Moreover, it seems like this would cause the original files being inaccessible directly from the urls. Though everything looks good on the instance itself, if you click 'copy url' or 'download' in your drive, you wouldn't be able to see the original files directly. This is because the filename extension is missing. For instance, if you visit https://never.bid/files/2774cde9-3aec-490a-af70-1dbd74deda8e (on my server), you would be able to see the picture, but if you click https://files.never.bid/files/2774cde9-3aec-490a-af70-1dbd74deda8e (on S3), you can't really see it.
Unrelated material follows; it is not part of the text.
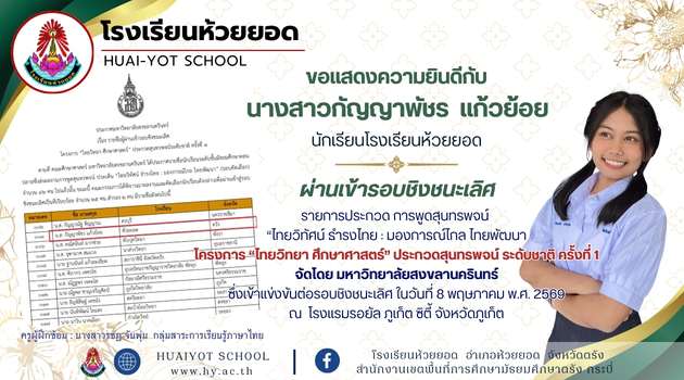 โรงเรียนห้วยยอดขอแสดงความยินดีกับวง H.Y. CHICKABOO BAND ได้รับรางวัลชนะเลิศ

That is becasue it's a .jpg file, and somehow when you sync your files to object storage and update the urls in your database without extensions like .jpg you cant see anything (you can download it and change the extension to .jpg and you will see the picture is definitely there).

Also, it seems like these codes won't update urls for emojis used in notes. In my case i can see urls for the attachments in notes and files in my drive have been updated, but the urls for emojis inserted in notes dont seem to change at all. I'm not sure whether they should be updated somewhere else (perhaps in emoji.originalUrl?).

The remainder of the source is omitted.